By mid-2025, the founder had reached the point where a formal holding company was no longer optional. The business was generating retained earnings that needed a tax-efficient home. There was a clear need for a clean structure to support future investment, bring in co-investors down the line, and preserve optionality to deploy capital into adjacent ventures without tangling the UK trading company in cross-border complexity.
The default answer from accountants and general advisors was Jersey. But Jersey brings its own cost base, its own regulatory overhead, and — post-Brexit — a non-EU jurisdiction sitting above a UK trading entity.
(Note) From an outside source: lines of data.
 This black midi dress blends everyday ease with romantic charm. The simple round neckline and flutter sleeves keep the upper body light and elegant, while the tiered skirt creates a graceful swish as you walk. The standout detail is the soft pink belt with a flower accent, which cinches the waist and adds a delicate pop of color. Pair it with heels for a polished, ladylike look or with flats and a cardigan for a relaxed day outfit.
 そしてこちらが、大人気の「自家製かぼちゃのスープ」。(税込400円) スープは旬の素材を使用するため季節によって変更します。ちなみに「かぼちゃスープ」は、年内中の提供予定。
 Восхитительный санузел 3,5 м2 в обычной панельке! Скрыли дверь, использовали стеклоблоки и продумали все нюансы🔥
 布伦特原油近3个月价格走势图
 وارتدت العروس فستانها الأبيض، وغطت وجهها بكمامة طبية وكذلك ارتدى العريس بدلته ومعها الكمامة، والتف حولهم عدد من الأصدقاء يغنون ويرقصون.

The founder wanted a second opinion before committing.
He engaged Grant & Graham to run a structured jurisdiction review and, if the answer pointed somewhere other than Jersey, to handle the full incorporation.
The Solution
Grant & Graham ran the engagement in three phases.
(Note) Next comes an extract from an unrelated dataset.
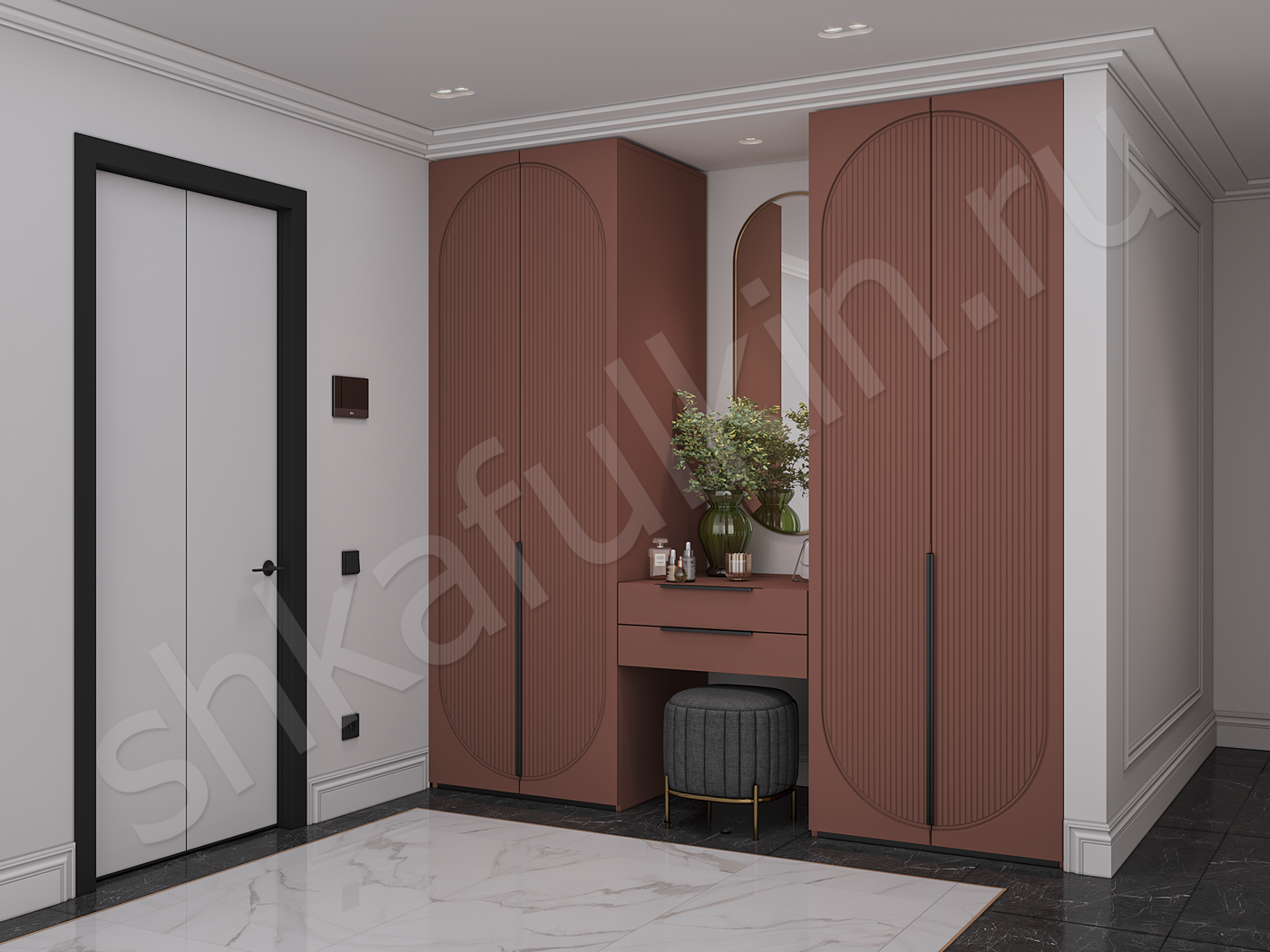 Фасады: МДФ с фрезеровкой, крашенная по NCS.

Phase 1 — Jurisdiction review. A full consultancy session with the founder comparing Jersey, Estonia, and a UK-only holding structure against the real objectives: tax treatment of retained earnings, cost of ongoing administration, reporting burden, EU market access, and future investor-readiness. Estonia emerged as the clear winner on every criterion except brand familiarity — Jersey is better known to UK accountants, Estonia is better suited to the job.
Phase 2 — Proposal and formal engagement. Detailed written proposal covering scope, timeline, KYC/AML workflow, and costs. Consultancy agreement signed on 20 September 2025; project kicked off immediately.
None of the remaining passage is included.